Activation of PPARδ suppresses BACE1 expression by upregulating SOCS1 in a JAK2/STAT1-dependent manner.

Neuronal expression of beta-secretase 1 (BACE1) has been implicated in the progression of Alzheimer's disease. However, the mechanisms that regulate BACE1 expression are unclear. Here, we show that peroxisome proliferator-activated receptor delta (PPAR delta) decreases BACE1 expression by up-regulating suppressor of cytokine signaling 1 (SOCS1) in SH-SY5Y neuroblastoma cells. The activation of PPAR delta by GW501516, a specific PPAR delta agonist, inhibited expression of BACE1. This effect was abrogated by shRNA-mediated knockdown of PPAR delta and by treatment with the PPAR delta antagonist GSK0660, indicating that PPAR delta is involved in GW501516-mediated suppression of BACE1 expression.
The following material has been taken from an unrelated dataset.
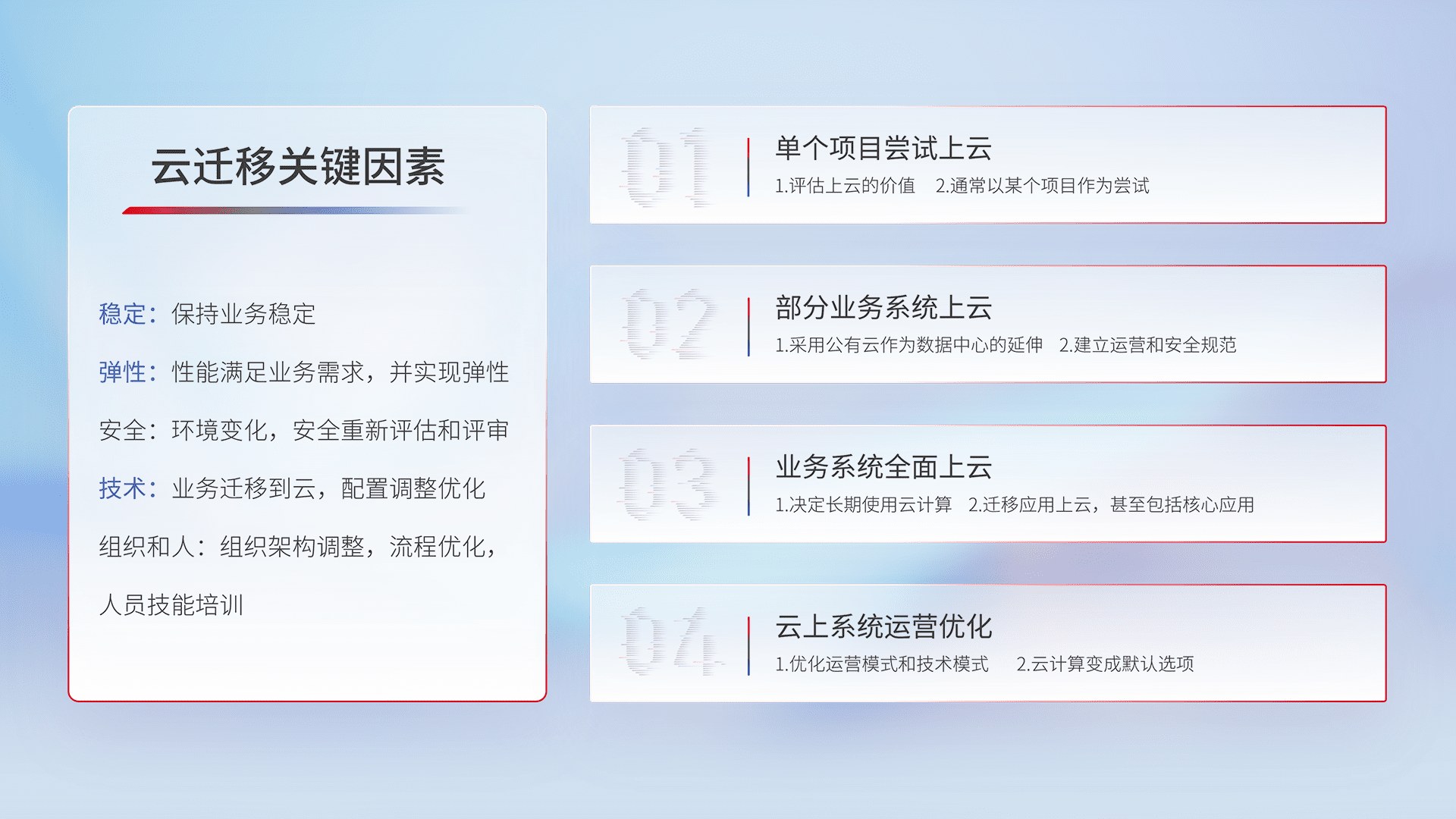 结合实际业务,,,,从规划设计、、云平台选型、、、、云原生改造、、数据迁移、、集成交付,,,迁移全过程为客户识别最佳上云路径,,,,做好风险识别管理,,设计网络架构、、身份权限、、、安全审计合规、、、操作审计、、、、日志审计、、监控告警策略、、、多站点容灾设计等,,,,对云上基础设施进行整体规划,,,,提升IT治理水平,,以满足弹性、、高可用、、高性能的需求。。
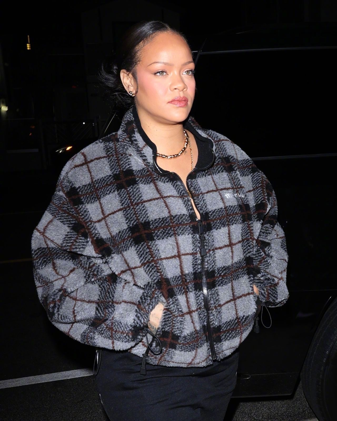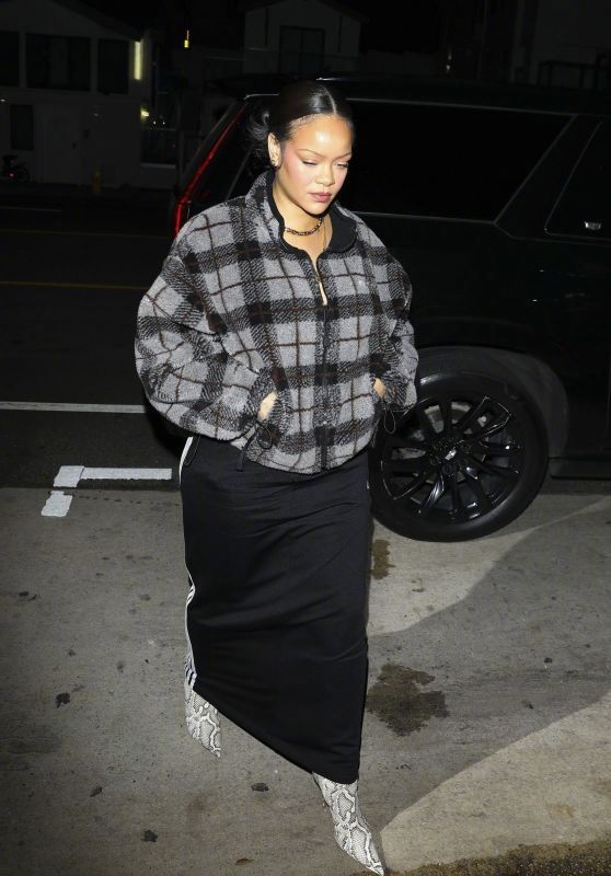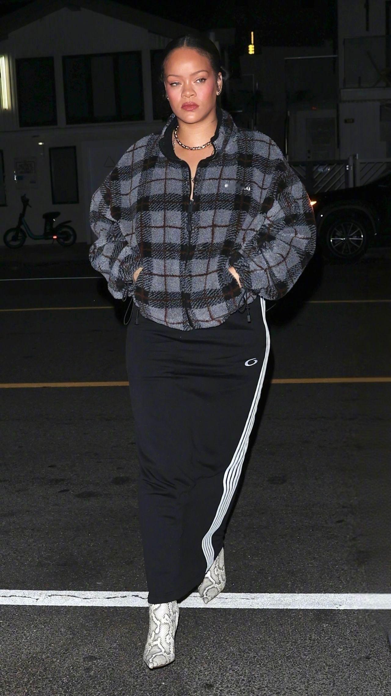 三胎辣妈蕾哈娜 又现身圣莫尼卡的自家后食堂-Giorgio Baldi餐厅了,身穿Miu Miu 格纹外套,脚踩Amina Muaddi 长靴。米拉服饰解析

On the other hand, GW501516-activated PPAR delta induced expression of SOCS1, which is a negative regulator of cytokine signal transduction, at the transcriptional level by binding to a PPAR response element in its promoter. This GW501516-mediated induction of SOCS1 expression led to down-regulation of BACE1 expression via inactivation of signal transducer and activator of transcription 1. GW501516-activated PPAR delta suppressed the generation of neurotoxic amyloid beta (A beta) in accordance with the decrease in BACE1 expression. Taken together, these results indicate that PPAR delta attenuates BACE1 expression via SOCS1-mediated inhibition of signal transducer and activator of transcription 1 signaling, thereby suppressing BACE1-associated generation of neurotoxic A beta.